9. Create a Sharing Culture

IF YOUR SENIOR MANAGEMENT is full of people who probably failed sandbox, don't try supply chain management without giving them a refresher course in sharing. Take the case of a large computer distributor whose leaders did not want to share any data or engage in collaborative planning. "They were scared the vendors would learn too much about their customer and demand patterns, and [that they would] get disintermediated," recalls Steven Gold, a partner in KPMG's supply chain strategy practice in Chicago.

A newly arrived CEO had a vision of sharing more real-time information via an Internet-based tool with his trading partners, "but others in the organisation resisted this new technology in a big way due to its organisational and redesign requirements. So the CEO contracted directly with the vendors [of collaborative supply chain software].

It was pretty brutal for some time; he got zero cooperation from his direct reports, and we were in the middle." By the time the mess was cleaned up, several of the resistant senior executives had been excused, the CEO was let go by the board, and the vendor was left hanging. "It was the right solution, but internal resistance to sharing information put the whole project [in jeopardy]," Gold says.
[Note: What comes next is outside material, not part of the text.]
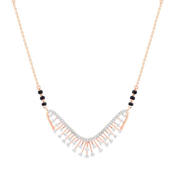 Pair it with traditional or contemporary outfits, you'll never go wrong with this attractive swirl design diamond tanmaniya made from 18Kt rose gold

10. Think Global, Start Local

A SUPPLY CHAIN IS A COMPLEX SYSTEM, and tinkering with it on a global scale could yield unpredictable results. Vic Leo, manager of organisational learning Ford Motor in Dearborn, Michigan, has found a way to reduce this risk by launching a series of pilot supply chain projects, while resisting executives' demands for speedy global rollouts. "Putting your ideas and principles into action is critical for learning," Leo says.

In order to do that, he runs projects according to the methodology of organisational learning, using small meetings to tease out what managers in various parts of Ford's supply chain really think about how the system in question works, and then putting those managers' assumptions and process flows into a simulation model.

For nearly 30 years, Leo says, managers have been tinkering at the edges of material release systems -- the mechanism to trigger orders and delivery throughout the chain. "At some point, the systems get totally beyond the grasp of any individual or team; the simulation world allows you to think big again," he says.

The simulation began using one Ford plant in Wixom, Michigan. Though the pilot was very successful in improving supply chain management, Leo has had senior Ford executives pounding the table in front of him, demanding to know why he can't work his learning organisation magic on a fast, global scale. But he resists. "Gambling [on a companywide rollout] in this day and age is going to be a disaster for companies."

Savings galore?

Inventory being held across the retail supply chain at any one time amounts to $US1 trillion, according to a report by Benchmarking Partners, based on US Department of Commerce data. The Massachusetts-based consulting firm estimates 15 per cent to 20 per cent of those inventories ($US150 billion to $US200 billion worldwide; $US40 billion to $US50 billion in the US) could be eliminated through improved planning, forecasting and replenishment.